Here are the scary sums:
Amazon takes 60% of my RRP (in the book trade, the bigger the sales outfit, the bigger the discount they demand from the publisher: Amazon 60%; Waterstones 50%; independent bookshop 35%). On a £11.99 book, Amazon’s takings are££7.20. Mine are £4.80.
Out of this comes £2.50 to pack and post the book to Amazon, and the author’s royalties on a heavily discounted book reduced to 50p. My writers lose out on an Amazon sale, too. That leaves 82p for Linen Press, but the book cost £4 to produce.
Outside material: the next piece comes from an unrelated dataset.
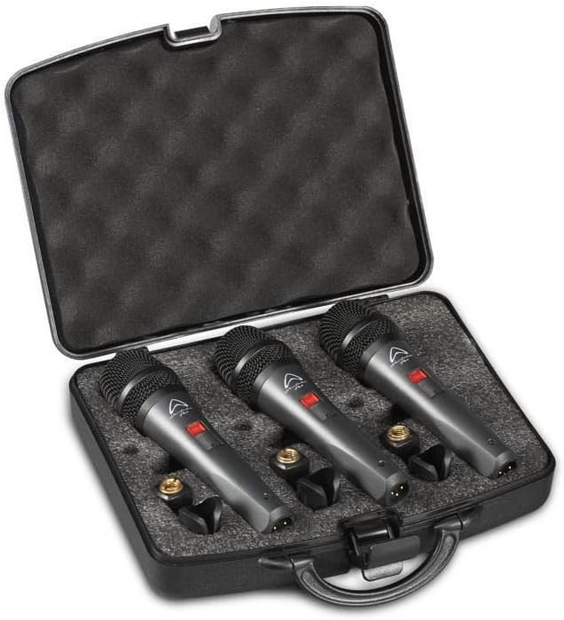 Set composto da 3 Microfoni dinamico super cardioide cablato con interruttore On/Off, per voce + supportino per asta microfonica.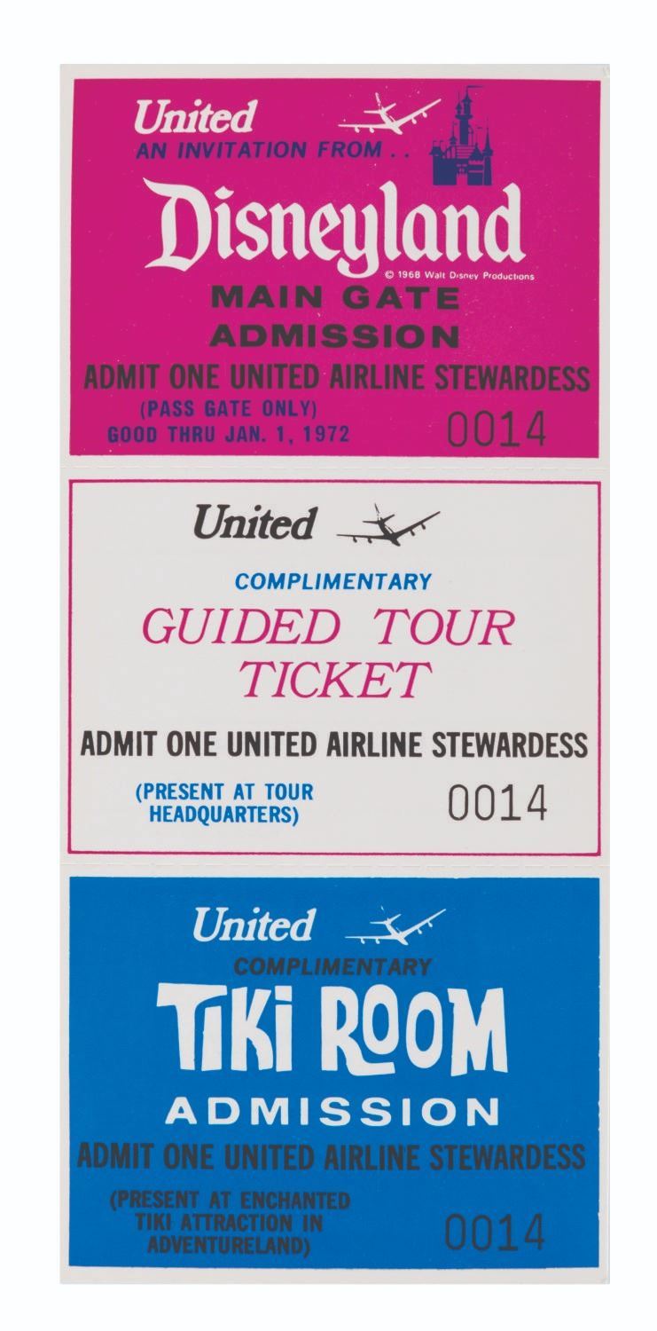 (Disneyland, 1968-72) A very rare Disneyland ticket set given only to United Airlines stewardesses. United Airlines sponsored The Enchanted Tiki Room from its opening in 1963, and this ticket includes stubs granting Disneyland Main Gate Admission, a complimentary guided tour of the Park, and admission to the Tiki Room. This ticket numbered 14 is complete and unused. Measuring 6” x 2.75”, the ticket is in fine condition with only a tiny bump to the top right corner.

So I lose £2.18 on every sale by Amazon.
via Amazon’s profits are small publishers’ losses | Books | guardian.co.uk.
“I avoid looking into the abyss of financial disaster.”
And as long as the owner of Linen Press (was their some deep-rooted subconscious message going on there in the mind of the owner when the name was chosen!) continues to avoid this abyss, their press will continue to hemorrhage profits.
While I do sympathize with someone running a small press for the love of literature and promoting obscure or neglected manuscripts, there is basic common sense missing here. Amazon, as mighty as it is as an online retailer, remains an optional sales channel for a publisher – not an obligational sales pathway to their consumers.
You don’t need economists like McWilliams or Lee to tell you that selling 20 books a week through Amazon at a £2.80 loss doesn’t stack up against making a 50p profit on 5 five books through a small sales channel. That kind of ‘loss-profit’ economic strategy is for the heavy honchos like Tesco, Target, Wallmart, Sainburys et all, who can afford to wager ‘lost-leaders’ against increased footfall.
The best thing Linen Press can do is develop multiple small sales channels rather than bitch about retail Goliaths like Amazon. It is what it is. And it’s why five of the big six publishers in the US introduced the Agency Model for ebooks.
Agreed on everything except the Agency Model!
Looks to me like Linen Press is a pretty incompetently managed business to me. It also seems to be run my someone who has little experience of or knowledge of business !
She seems resentful of the retailer taking their cut and knocks them for making a profit out of her earnings ? What kind of nonsense is that ? And then comes here to whine and whine !! WTF
What is really the problem is that this company’s business model is seriously rubbish, and needs a business person to get a grip on it.
And while I’m here the comment above about the Agency Model is rubbish.
As the original poster wrote: I should be grateful that I’ve been given the same space as the big boys to display my covers and my reviews. I should say thank you for the sale.” Indeed she should be.